The Durruti Column (Spanish: Columna Durruti), with about 6,000 people, was the largest anarchist column (or military unit) formed during the Spanish Civil War. During the first months of the war, it became the most recognized and popular military organisation fighting against Franco, and it is a symbol of the Spanish anarchist movement and its struggle to create an egalitarian society with elements of individualism and collectivism. The column included people from all over the world. Philosopher  Simone Weil fought alongside Buenaventura Durruti in the Durruti Column, and her memories and experiences from the war can be found in her book, Écrits historiques et politiques. The Durruti Column was militarised in 1937, becoming part of the 26th Division on 28 April.

History

Formation
The column was formed in Barcelona where, on 18 July 1936, the anarchists started fighting against General Goded and his armies.
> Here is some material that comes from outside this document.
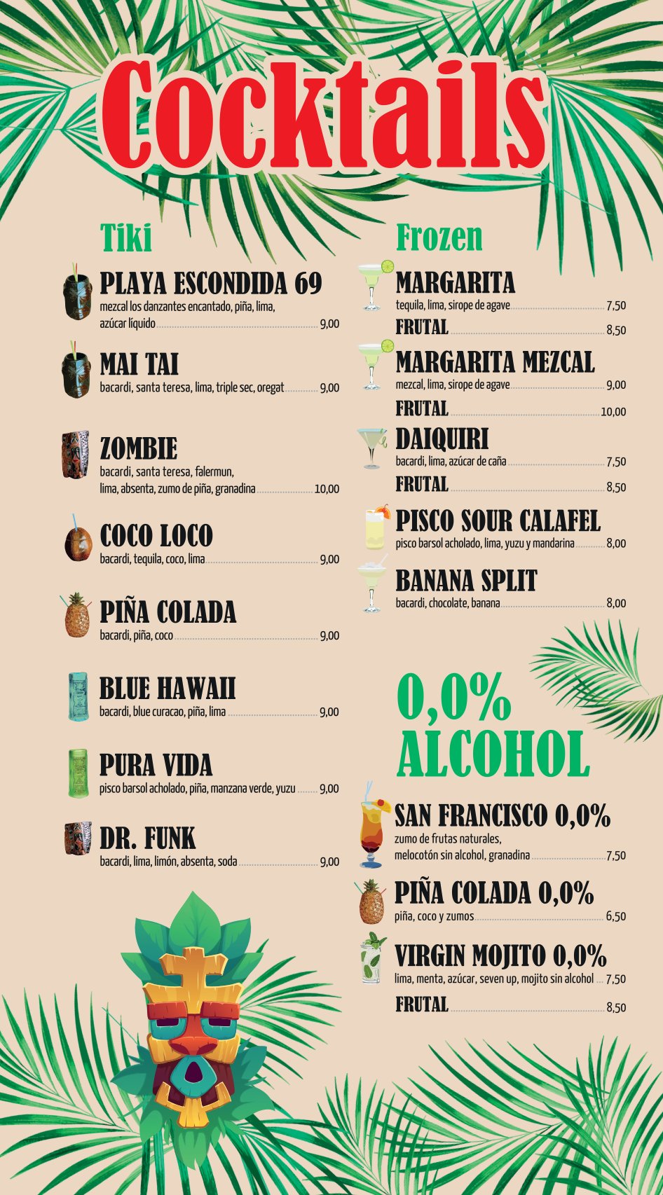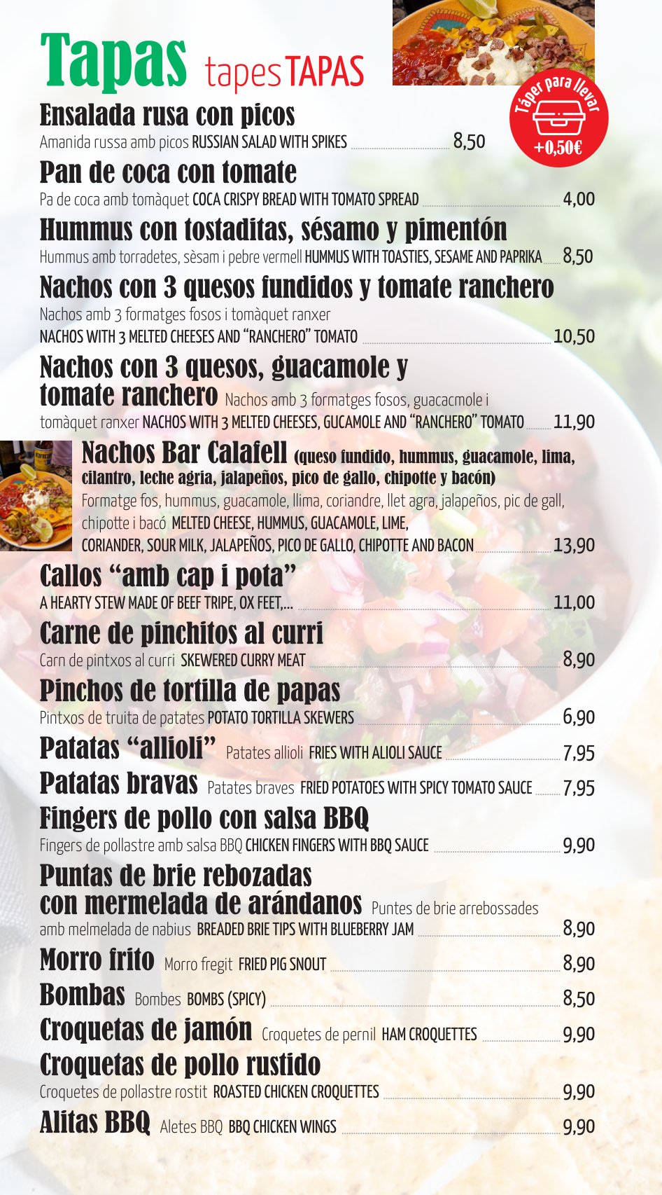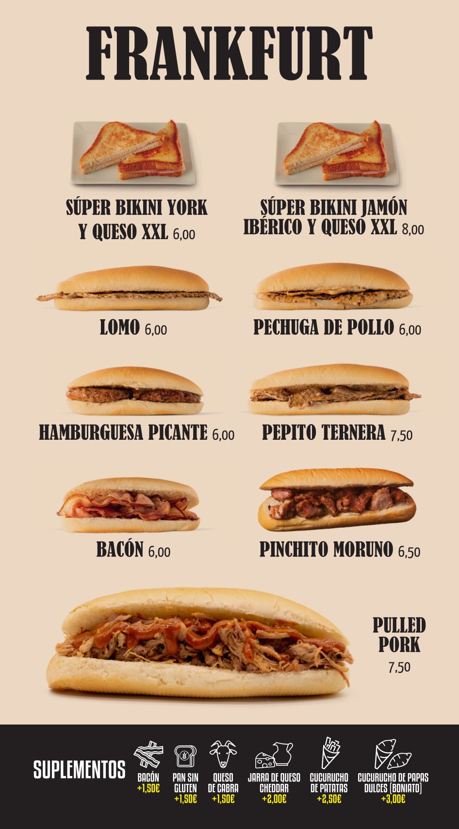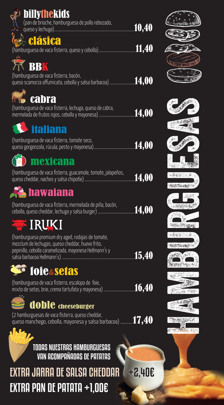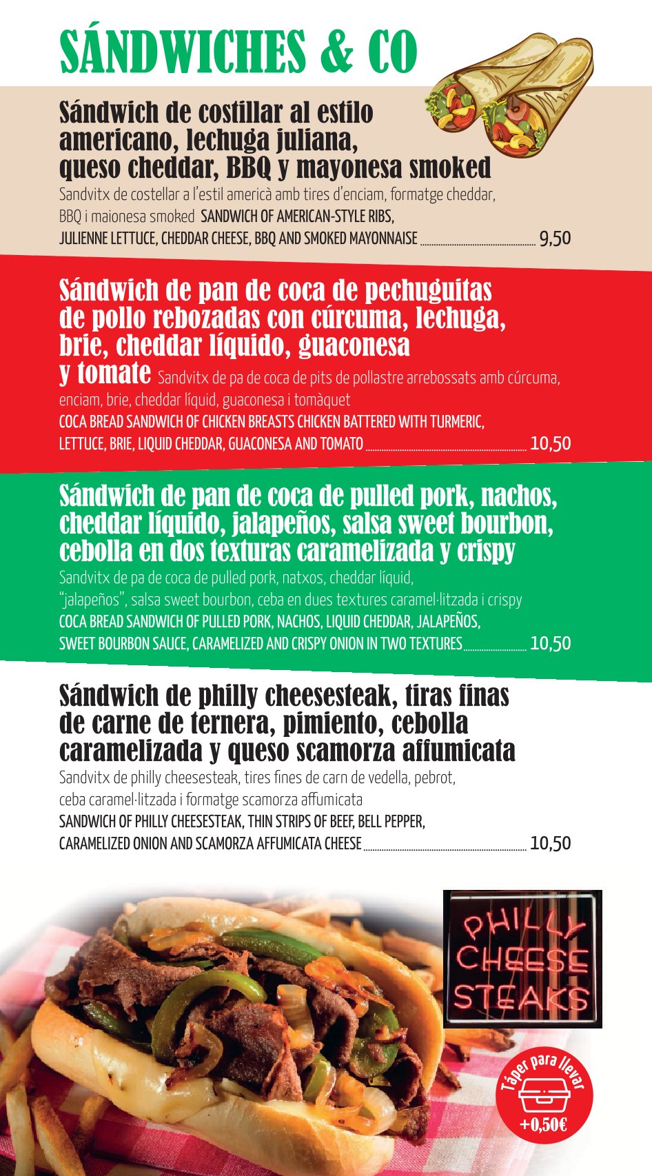 DESCUBRE NUESTRA CARTA DE VINOS VERMOUTH TAPAS ENSALADAS Y TORRADAS HAMBURGUESAS SÁNDWICHES FRANKFURT EMBUTIDOS Y QUESOS PLATOS COMBINADOS CERVEZAS CREPES, GOFRES Y PANCAKES CON FRUTA, HELADO, SIROPE… HELADOS, POSTRES, BATIDOS, GRANIZADOS Y SMOOTHIES CAFÉS, FRAPPÉLATTE Y CAFÉS COMBINADOS

The republican government had done nothing to protect the city from the rebellious army under the command of General Franco; Barcelona was left undefended. Fearing attack, the anarchist and communist organisations such as CNT-FAI along with Unión General de Trabajadores (UGT), the Workers' Party of Marxist Unification ("Partit Obrer d'Unificació Marxista", POUM) and the Unified Socialist Party of Catalonia ("Partit Socialista Unificat de Catalunya", PSUC) organised themselves into militia units and took weapons from the arsenals with the support of the people responsible for the arsenals, mostly non-commissioned officers. The anarchists, under the command of Buenaventura Durruti, one of the most popular leaders of Federación Anarquista Ibérica attacked the Atarazanas/Drassanes barracks. Later on, the headquarters of the Durruti Column was attacked at Bujaraloz, halfway between Barcelona and Madrid.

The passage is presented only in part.